Более чем прозрачная отсылка к «Дуинским элегиям» Рильке («Каждый ангел ужасен») дает повод задуматься о том культурном фоне, на который помещает себя Латыфич. Это «правое» крыло европейского модернизма, бросающее современника в эпицентр мифа, чтобы тем самым оживить для реальности. Латыфич равняется на свойственную модернизму долгую строку и длиннотность, когда фраза переполняет размер и перетекает со строки на строку и даже со строфы на строфу. Глубокое дыхание в поэзии модернизма (Клодель, Элиот, Паунд, Сеферис, Уолкотт – последние двое особо навязчиво вспоминаются при чтении поэмы «Лабиринты») связано и с эпическим началом, и с установкой на всеохватность, синкретизм. Смелость, с которой Латыфич вызывается наследовать модернисткой поэзии, по крайней мере, заслуживает уважения, ибо наследовать приходится не напрямую, а после многих, в том числе, Бродского.

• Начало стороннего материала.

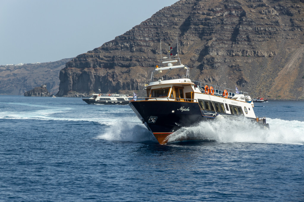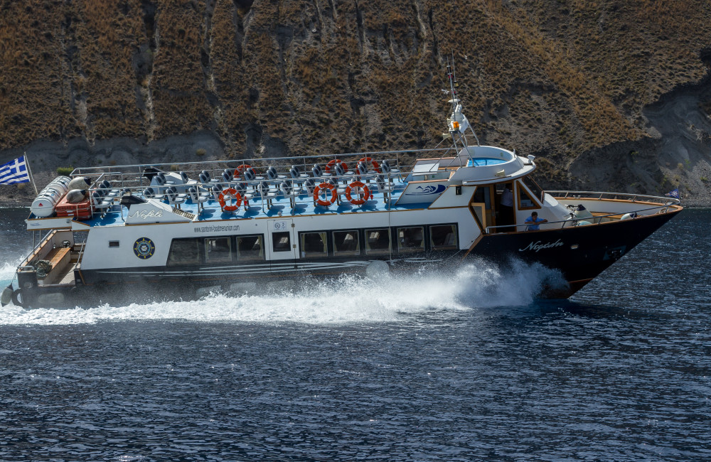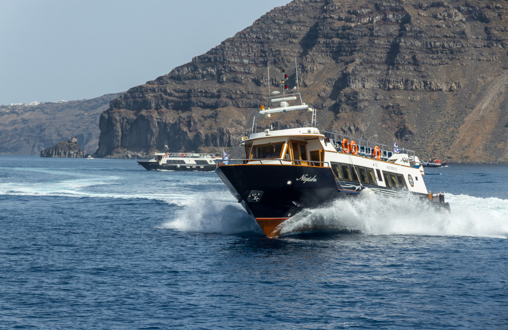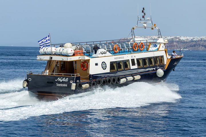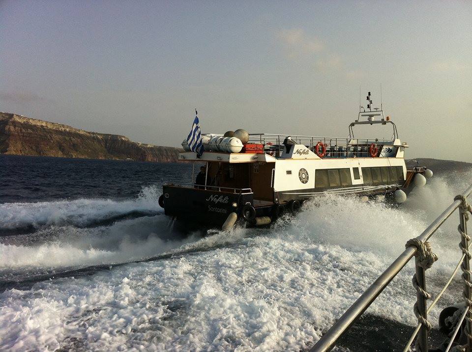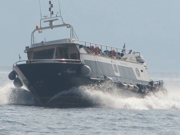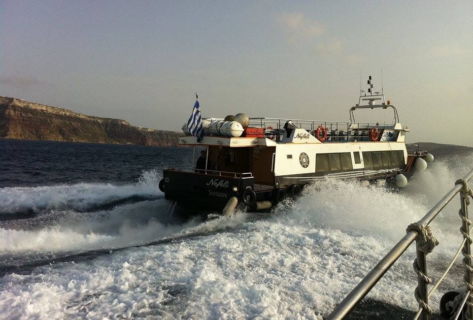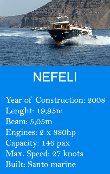 The name come the Greek word nephos that means “cloud”, in the Greek mythology, Nephele was a cloud nymph who figured prominently in the story of Phrixus and Helle. Greek myth also has it that Nephele is the cloud whom Zeus created in the image of Hera to trick Ixion to test his integrity after displaying his lust for Hera during a feast as a guest of Zeus. The vessel has been built in 2008 by the Epsilon Marine, who had the shipyard in Chalcidice, it has been provided of all the most synchronous technologies and of two engines that supplies 800hp each one. Its lounge has been completely restored in our own shipyard in Vlychada, Santorini, on 2010, providing the vessel of a comfortable air-conditioned lounge with leather and wooden sofas extremely refined and cozy. It was the fastest vessel of the fleet with a maximum speed of 29 knots per hour.
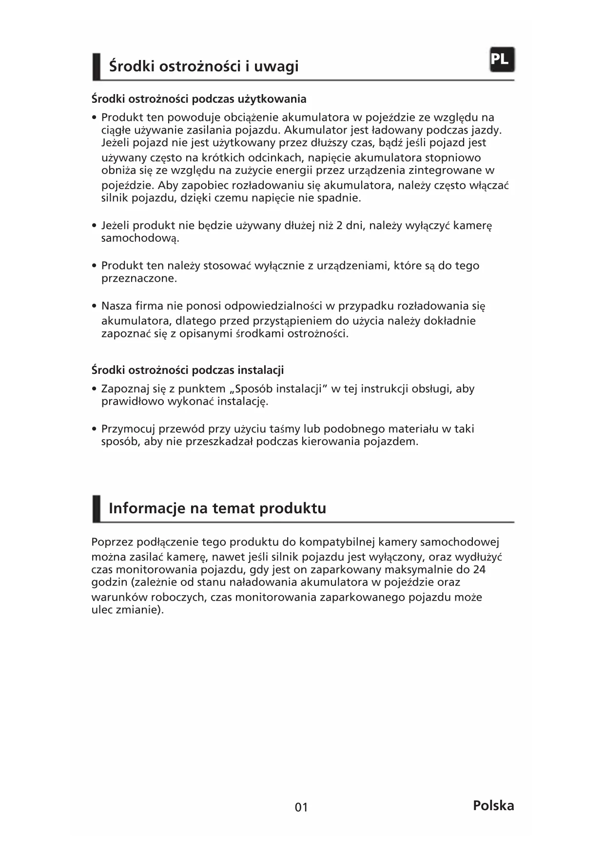 Środki ostro¿ności podczas u¿ytkowania Środki ostro¿ności podczas instalacji Informacje na temat produktu Poprzez podłączenie tego produktu do kompatybilnej kamery samochodowej można zasilać kamerę, nawet jeśli silnik pojazdu jest wyłączony, oraz wydłużyć czas monitorowania pojazdu, gdy jest on zaparkowany maksymalnie do 24 godzin (zależnie od stanu naładowania akumulatora w pojeździe oraz warunków roboczych, czas monitorowania zaparkowanego pojazdu może ulec zmianie).

Эпическая монотонность у Латыфича нигде не срывается в шум. Поэт не плывет, действие скорее напоминает сосредоточенное разматывание троса, который поэт постоянно перехватывает, натирая мозоли, и читатель как будто должен помочь, включиться в эту работу. Тягостная вначале, она, по мере того, как усваиваешь ритм «напарника», становится сомнамбулически плавной, незаметной.
У Латыфича есть прямая риторика, но она вложена в уста того, кто имеет право предостерегать и судить – умершего (похожий прием использует Андрей Тавров в «Часослове Ахашвероша», содержащем «Послания» титульного героя). Но вот на середине строфы жизнь подкатит волной под взывающую речь и растворит ее, спасая от императивности. Желтые подсолнухи будто готовят появление солдат, приходящих в неожиданной роли носителей ми-
лосердия.
Почти кино: ближний план сменяется дальним, и так же, как границы кадров на пленке сплавляются для нас в непрерывность движения, у Латыфича одно рождает другое прежде, чем мы успевает это зафиксировать.
Соединение как узнавание и узнавание как соединение – тема не только «Лабиринтов», но всей книги. Латыфич заставляет человека прорастать в мир, в ландшафт, в вечное настоящее древности. Его герой ощупывает пространство, ставшее временем, в поисках того места, где совпадет с собой. Латыфич вплетает эпохи друг в друга, но не на уровне стиля. Язык его однороден, тут даже вернее будет говорить о голосе, одновременно личностно заряженном и надличном.
Не только в написанных поверх модернистского канона «Лабиринтах», но в традиционных по форме, т. е. учитывающих скорее «местную» традицию, обходящихся без плавучего размера, умеренной строкой текстах из цикла «Равноденствие» встречаем мы эту тяжеловатую непрерывность (цикл почти полностью написан мерным пятистопным ямбом). Латыфич часто описывает действие, описыванием тормозя, растягивая его, словно в надежде осязать там, где привычнее видеть и слышать. Осязанием вооружена и память, поэтому стихотворение о Марселе Прусте в цикле знаково: «Нащупывая след / тех девушек, что долго вереницей / вдоль моря шли (одна велосипед / толкала впереди) – возможно лица / живыми сделать».
Мир стихотворения Латыфича почти всегда пространствен и в пространстве сориентирован. Ландшафт у него одновременно монументален и конкретен, похожий на атлас, куполом обступающий человека, – и доступный тому, чтобы сжиться с ним, войти в него, если можно так выразиться, кинетически, подсоединиться к теснейшим, не знающим разделение на живое и неживое связям внутри природы.